Work to be completed
Could you retype exactly the lines below between the one holding "报告公布了移动端用户占比最高" and the one holding "学生委员会委员:于佳梦 王宏武 王靖涵", inclusive, leaving out any pictures?

(Data entries)
··········
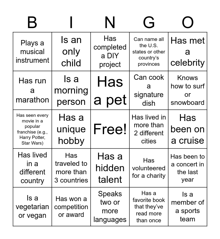 This bingo card has a free space and 25 words: Has traveled to more than 3 countries, Speaks two or more languages, Has a pet, Is a vegetarian or vegan, Has met a celebrity, Plays a musical instrument, Has run a marathon, Is an only child, Has lived in more than 2 different cities, Has a hidden talent, Can cook a signature dish, Has seen every movie in a popular franchise (e.g., Harry Potter, Star Wars), Has volunteered for a charity, Has been to a concert in the last year, Is a morning person, Has a collection (e.g., stamps, coins, memorabilia), Has been on a cruise, Has completed a DIY project, Knows how to surf or snowboard, Has a unique hobby, Is a member of a sports team, Has won a competition or award, Has lived in a different country, Can name all the U.S. states or other country’s provinces and Has a favorite book that they’ve read more than once.
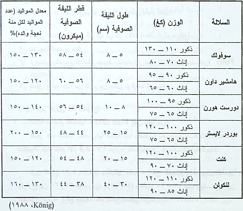 جدول يوضح بعض الصفات الانتاجية لاهم سلالات مجموعتي أغنام اللحم الانكليزية قصيرة وطويلة الصوف.
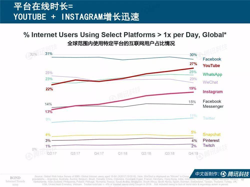 报告公布了移动端用户占比最高的几大应用:Facebook、YouTube、WhatsApp、微信、Instagram、Facebook Messenger、Twitter、Snapchat、Pinterest、Twitch。
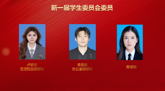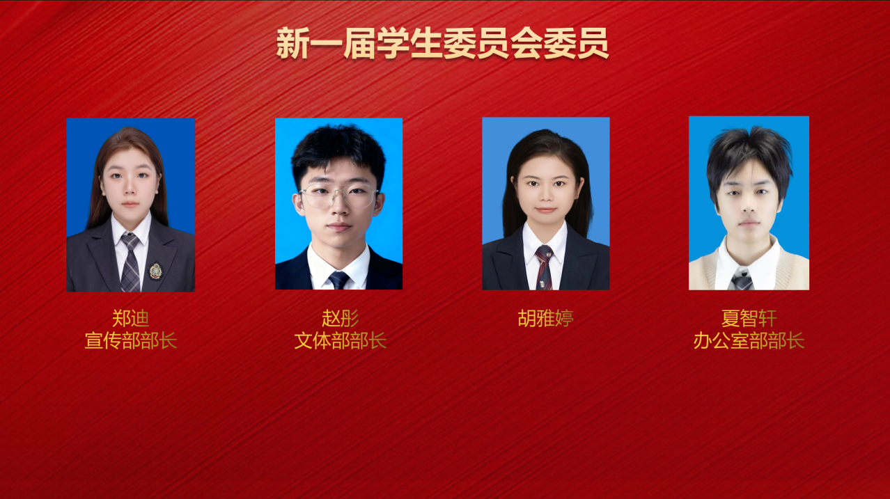 学生委员会委员:于佳梦 王宏武 王靖涵 卢妍君 李辰恩 罗宇轩 罗喆 周丽梦 郑迪 康樟英 赵彤 夏智轩 晁诗颜 熊子瑶。
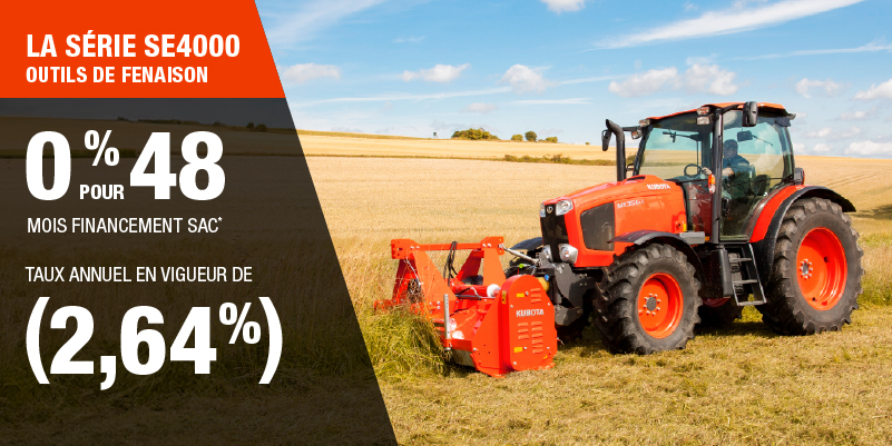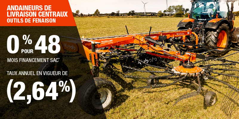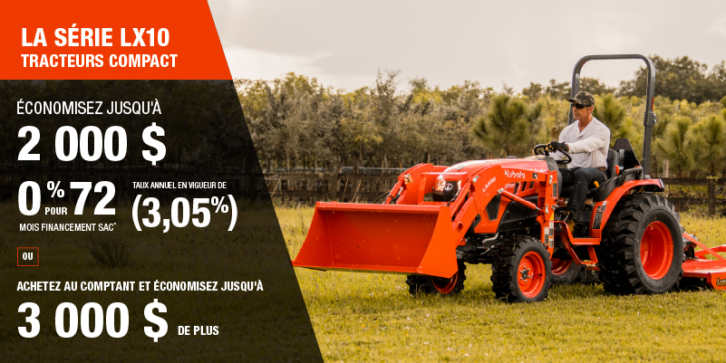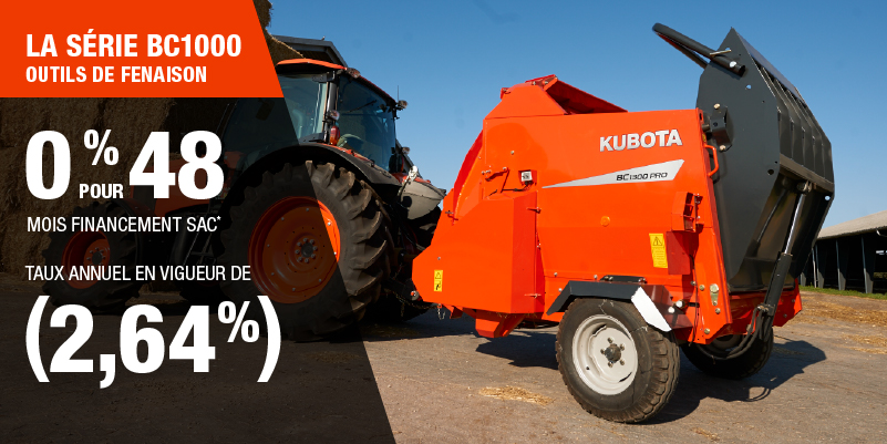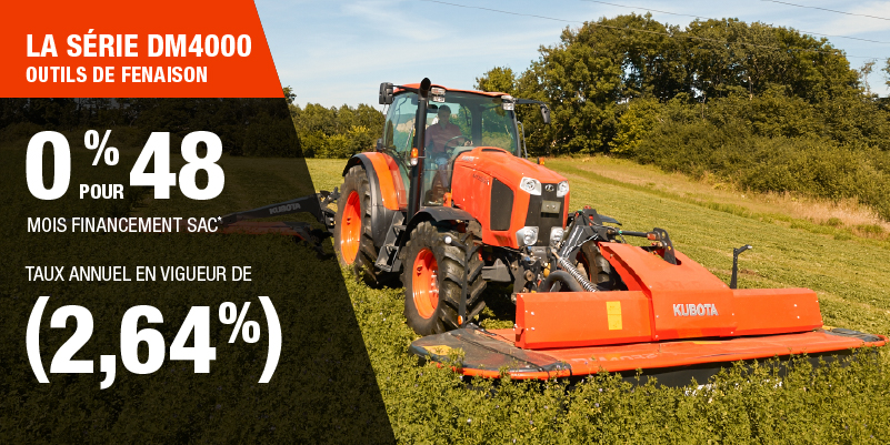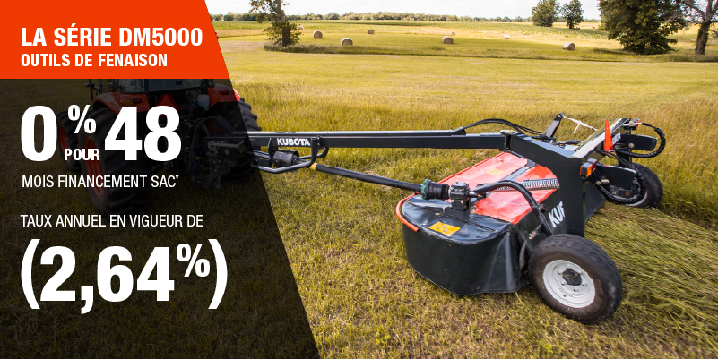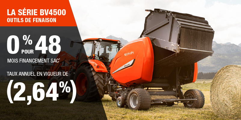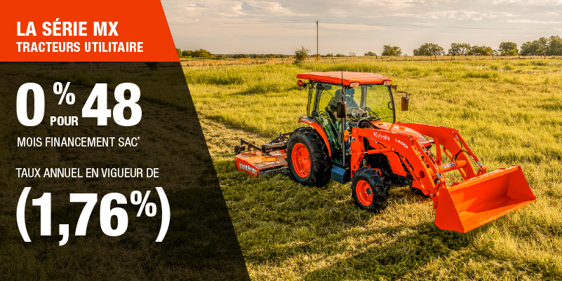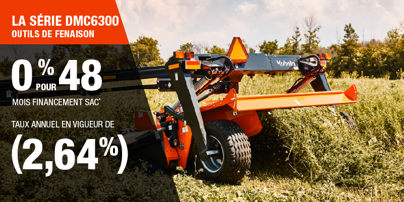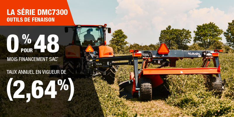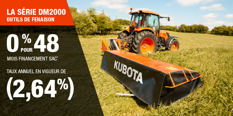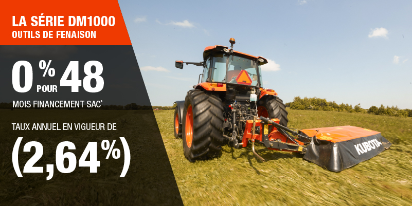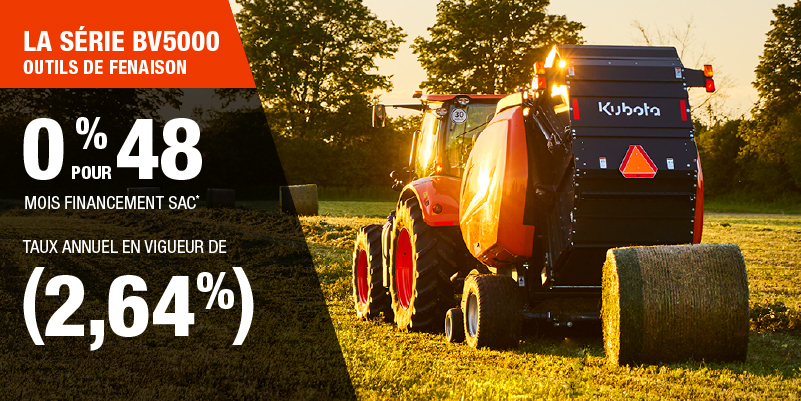 Un acompte initial minimal de 10 % est exigé pour les offres de financement pour les produits agricoles ou pour la pelouse. Les spécifications, caractéristiques, illustrations et équipements présentés se basent sur les plus récents renseignements disponibles au moment de la publication. Certains modèles sont présentés avec des accessoires offerts en option à un coût additionnel. Bien que les descriptions soient réputées bonnes, leur exactitude ne peut être garantie. Nous nous réservons le droit de modifier en tout temps, sans avis ni obligation, les spécifications, accessoires, matériels, modèles, prix, paiements et autres renseignements. L’offre est valide jusqu’au 12 janvier 2026. Consultez votre concessionnaire Kubota participant ou le www.kubota.ca pour obtenir tous les détails.
··········
Your solution
 报告公布了移动端用户占比最高的几大应用:Facebook、YouTube、WhatsApp、微信、Instagram、Facebook Messenger、Twitter、Snapchat、Pinterest、Twitch。
 学生委员会委员:于佳梦 王宏武 王靖涵 卢妍君 李辰恩 罗宇轩 罗喆 周丽梦 郑迪 康樟英 赵彤 夏智轩 晁诗颜 熊子瑶。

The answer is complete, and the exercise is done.